BACKGROUND AND OBJECTIVES: Thrombospondin type-I domain-containing 7A (THSD7A) was recently identified as the target antigen in about 10% of patients with M-type phospholipase A2 receptor (PLA2R)-negative membranous nephropathy in European and North American populations. The prevalence of THSD7A in other populations and their clinical associations deserve further clarification. DESIGN, SETTING, PARTICIPANTS, & MEASUREMENTS: Immunofluorescence assay was performed to investigate anti-THSD7A antibodies in 578 consecutive patients with biopsy-proven idiopathic membranous nephropathy, 114 patients with secondary membranous nephropathy, 64 disease controls, and 20 healthy controls. Glomerular expression of THSD7A antigen was examined by immunohistochemistry. Anti-PLA2R antibodies and glomerular PLA2R expression were also screened. RESULTS: Among the 578 patients with idiopathic membranous nephropathy, 12 (2%) patients were identified as THSD7A-positive: ten patients were THSD7A-positive alone, which accounted for 16% (ten of 64) of PLA2R-negative patients; two patients were dual-positive for both anti-THSD7A and anti-PLA2R antibodies and showed enhanced expression of both antigens colocalized in glomeruli. Among the 114 patients with secondary membranous nephropathy, one among 44 (2%) patients with cancer had anti-THSD7A antibodies, whereas 18 of 44 (41%) had anti-PLA2R antibodies.
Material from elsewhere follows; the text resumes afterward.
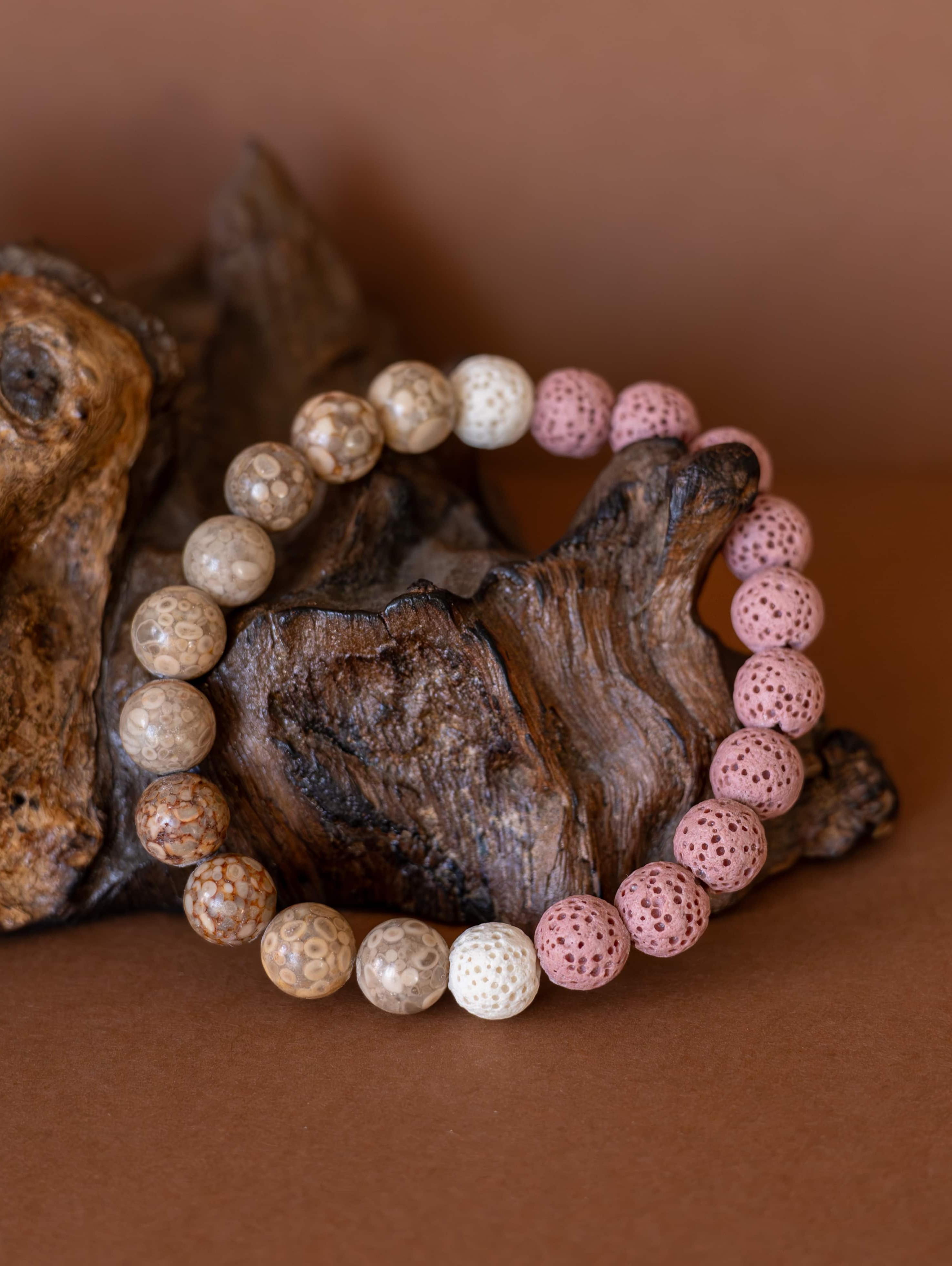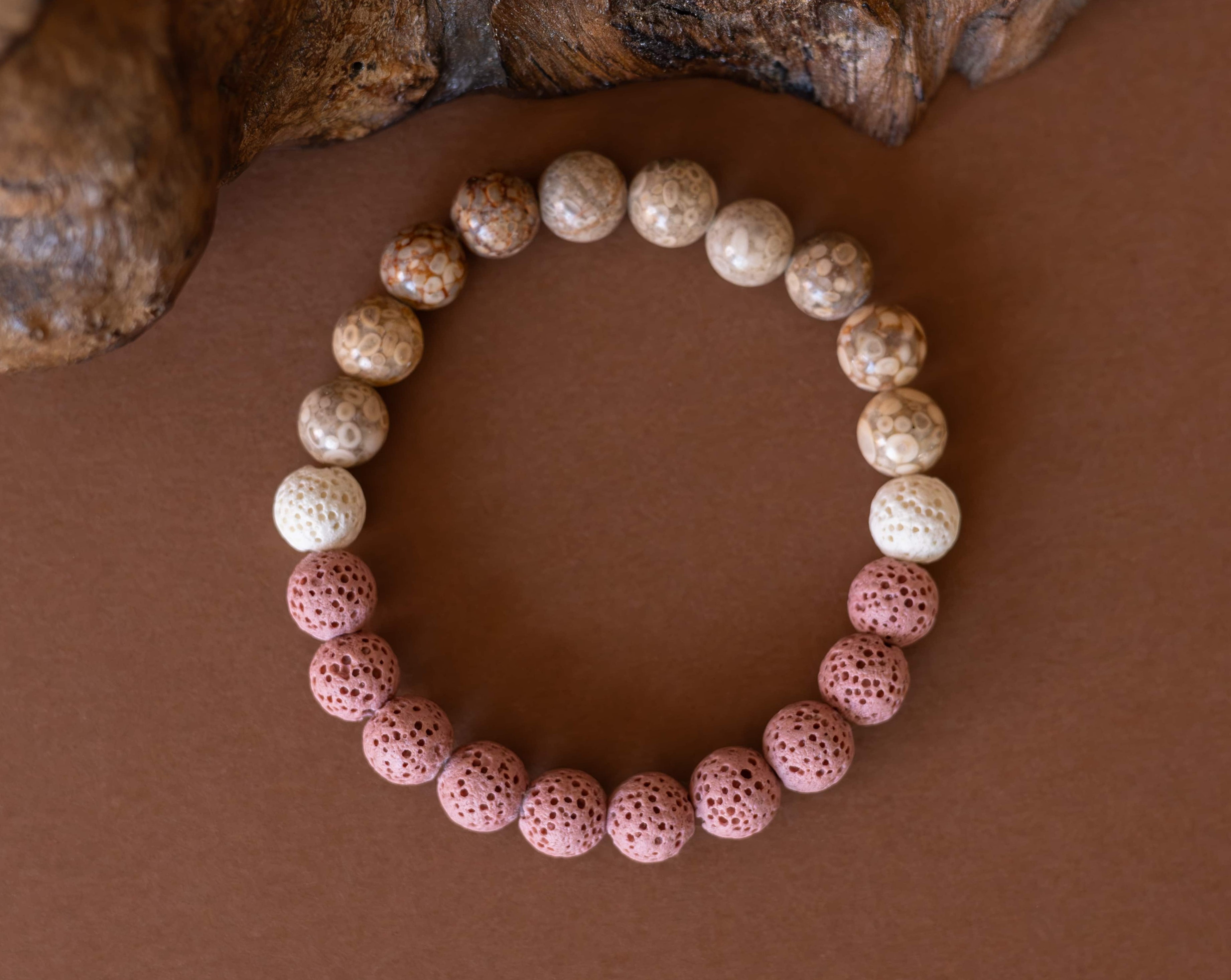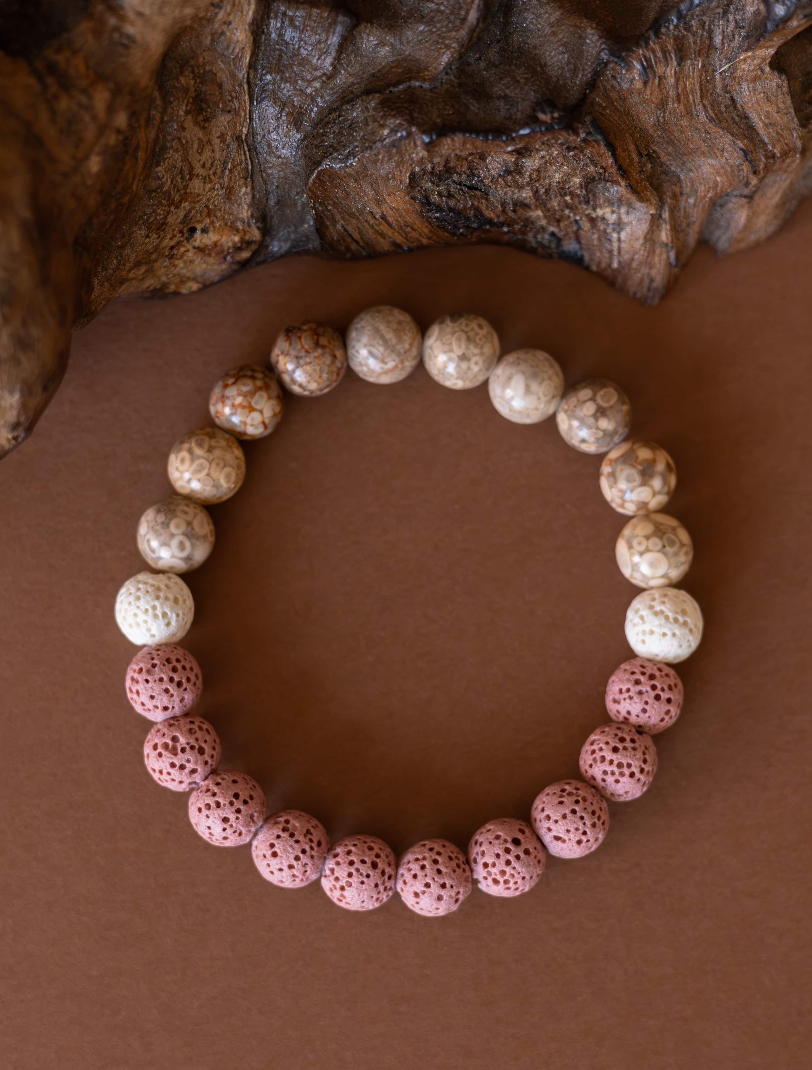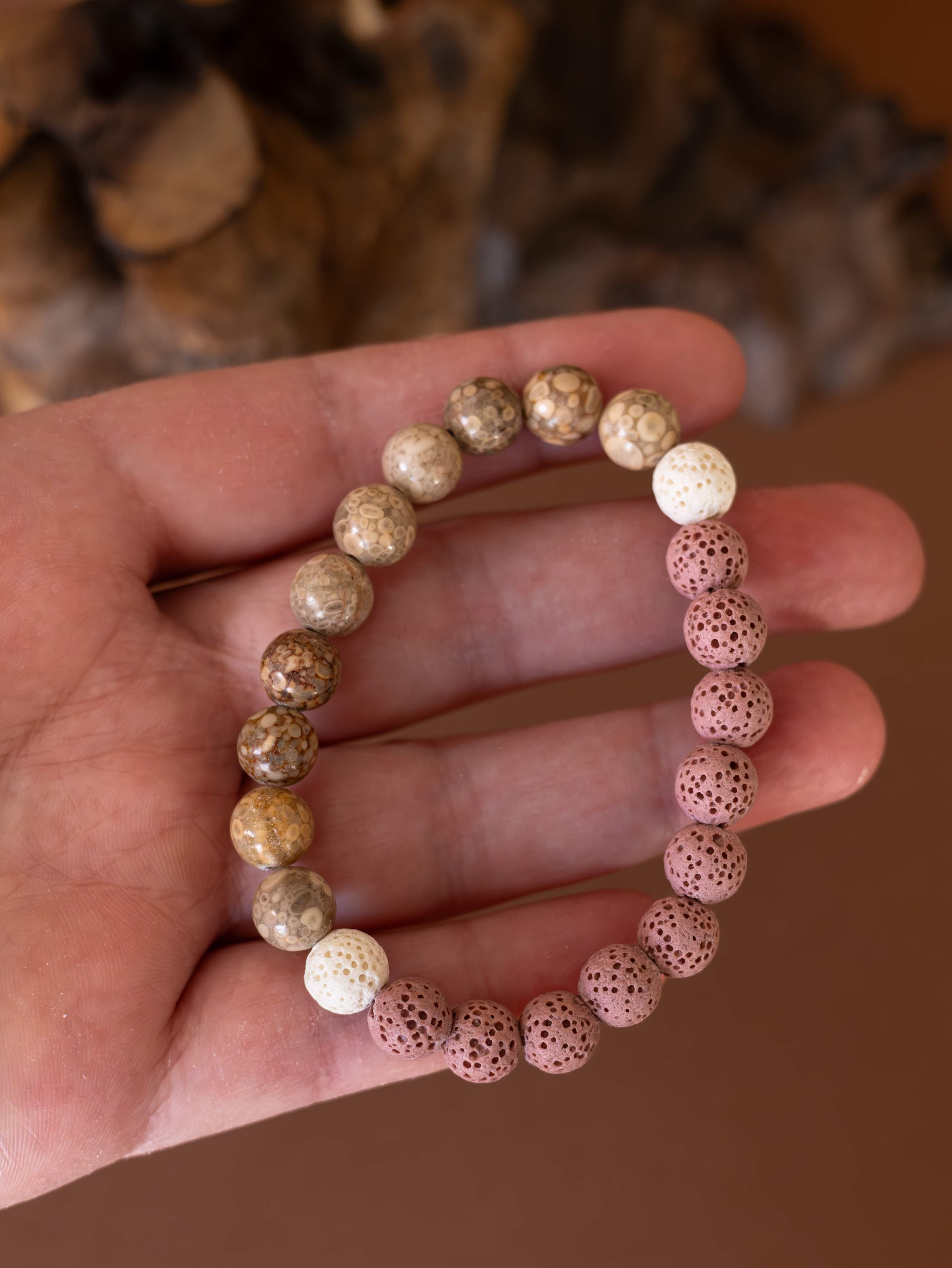 Náramek Duna odráží krásu přírodních prvků, kde se snoubí jemné tóny béžového jaspisu s hravými kontrasty růžových a bílých lávových kamínků. Tato kombinace symbolizuje rovnováhu mezi pevností země a lehkostí větru, mezi stabilitou a jemností.

No anti-THSD7A antibody was detected in other disease controls or healthy individuals. Clinical features were comparable between the patients with and without THSD7A. During follow-up, two patients who achieved remission had a clearance of circulating antibodies against THSD7A, whereas antibodies increased in parallel with proteinuria in a patient with a relapse. CONCLUSIONS: THSD7A-associated membranous nephropathy has a low prevalence in Chinese patients. The double-positive patients suggest dual autoimmune responses.